A. This is a common misunderstanding. I would even say it comes from assumptions rooted in modern epistemology. Modern epistemology tends to see everything in binary oppositions: you must either be for something or against it. Decolonial thought does not defend the BRICS (Brazil, Russia, India, China, and South Africa; today, after its expansion since 2024, people often speak of BRICS+), nor does it defend de-Westernization in China or Brazil.

What decolonial thought says is that this is a response to Westernization, just as re-Westernization is a response to de-Westernization. That addresses the first point: the confusion between analysis and defense. Without defending anything, decolonial thought points out—and I have not seen this said in other possible disciplinary or ideological frameworks, such as Marxism, Islamism, or liberation theology—that for the first time in five hundred years, capital and knowledge are being controlled by “people of color” (to use Sukarno’s expression in Bandung, 1955).

That is a decolonial analysis—not a defense. So the “critical position” is explicit and firmly grounded when we say that de-Westernization “disputes control of the colonial matrix of power.” In other words, we do not say that it “questions the colonial matrix of power”; we say only that it disputes who gets to make the decisions. The 2013 episode—when Russia proposed chemical disarmament in Syria while the United States was debating in Congress an intervention announced by Obama—is a good example of what de-Westernization means, both in its grandeur and in its misery.

In the years that followed, that dispute has also played out through economic, diplomatic, and technological instruments and realignments, which function as terrains of re-Westernization and de-Westernization.

Inequalities within nation-states continue and worsen (since they now also affect “developed” states), even as interstate relations become more level. Inequalities between developed and emerging countries shrink. Inequalities within both developed and emerging states grow.

It is no longer possible to think about the world through dichotomies like imperialism or revolution. In other words: de-Westernization is not equivalent to socialism. We are not in a “new” Cold War. Thinking through the complexity of the current global order—which is neither liberal nor neoliberal, neither Marxist nor neo-Marxist, neither theological nor neo-theological—is one of the contributions of decolonial thought.
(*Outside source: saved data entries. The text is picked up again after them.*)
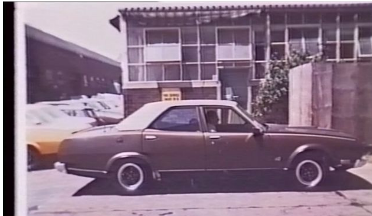
The missing C-pillar vents

The accompanying photos clearly show the bonnet and C-pillar changes but as yet we have no pictures of the boot or interior modifications. The wheels look interesting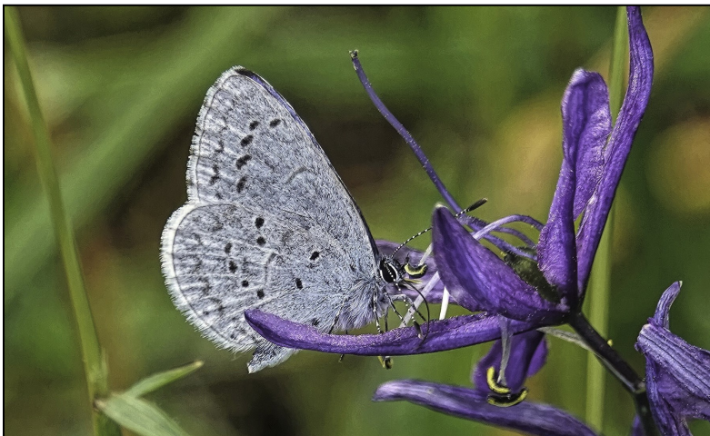
Echo Azure on camas species. Photo: Lynda Stevens from NALT's new pollinator note card series.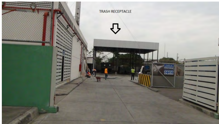
Trash collection area

During the second site visit, the GYE trash and recycling area was toured. The trash collection area and recycling transfer station were very well maintained and free of wildlife and birds.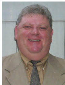
BY RAY MACCO AND JACK REDDEN, SCHOOL DELEGATES

O n September 1st and September 2nd TEMCO employees who worked during the period July 1, 2008 through June 30, 2009 came to I.U.O.E. Local 94 to pick up their retroactive payroll and benefit checks.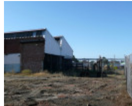
KINNEARS ROPEWORKS SOHE 2008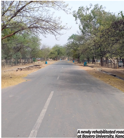
A newly rehabilitated road at Bayero University, Kano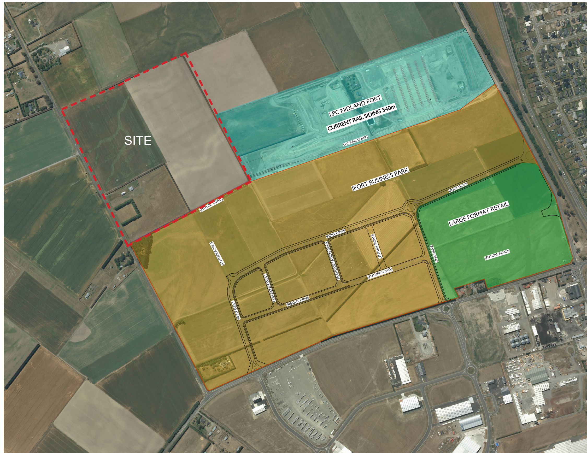
FIGURE 2: Site adjacent to IPort and LPC Midland Port development context to the west

Q. The economy of accumulation (capitalism, for both liberals and Marxists) is no longer imposed by Western financial institutions, but governments and their populations still end up embracing it under a kind of seduction that, in the end, leads us to development models very similar to Western ones—or at least ones that do not seem to contribute to truly alternative visions.

A. Well, that is precisely de-Westernization. And in some way it is an “alternative vision.” For those who lead and benefit from de-Westernization, it is a major shift. For example: the growth of the middle class; the fact that the material benefits of modernity are no longer the privilege of the middle class in Western Europe, the United States, and a few semi-developed countries with low-intensity middle classes, but are now benefiting growing middle classes: the Indigenous middle class in Bolivia, the Black middle class in South Africa, the middle class in China and Singapore, in India and Indonesia, and so on.
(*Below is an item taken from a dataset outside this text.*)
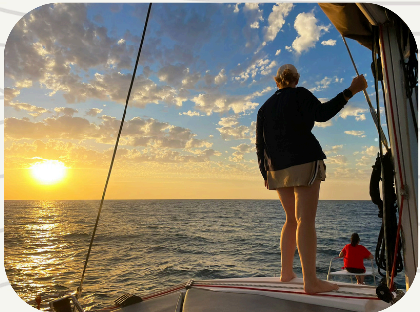
On board the catamaran s/v Redemption

This unique voyage combines the thrill of an exclusive sailing experience with hands-on outreach that delivers healthcare, education, and hope directly to underserved local villages — making a huge, tangible impact where it's needed most.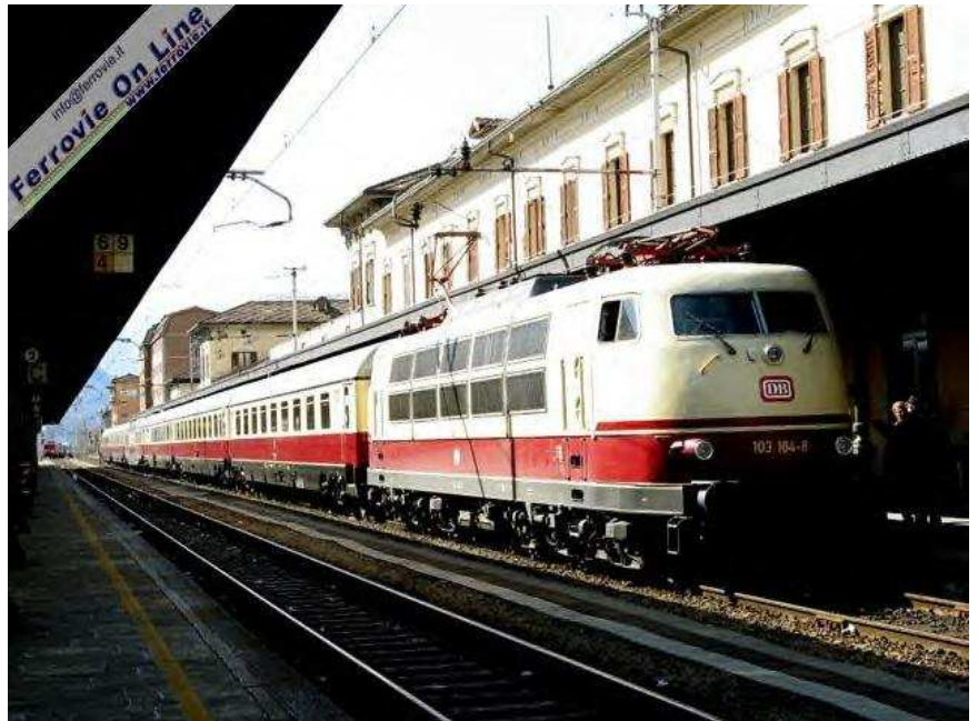
Interesting! With the new Alptransit Tunnel under the Loetschberg (now hardly a mountain line now) this preserved 103 (which doesn't have regenerative braking) can now go all the way to Domodossola (end station for the 15kV / 16.67 Hz catenary), of course providing it has a SBB narrow pantograph. (Picture taken March 25, 2008)

It is not an alternative vision in the decolonizing sense, but it is an alternative vision in the sense of de-Westernization: independence from the West through capitalism and through strong states that the West would rather eliminate so that the “free market” can benefit Western corporations and states. That is what happened for five hundred years. De-Westernization keeps the economy of accumulation in place but introduces enormous changes into the world order. Ignoring those changes while waiting for a uniform, redemptive vision for everyone is an illusion that decolonial thought breaks away from, just as it breaks away from both re-Westernization and de-Westernization.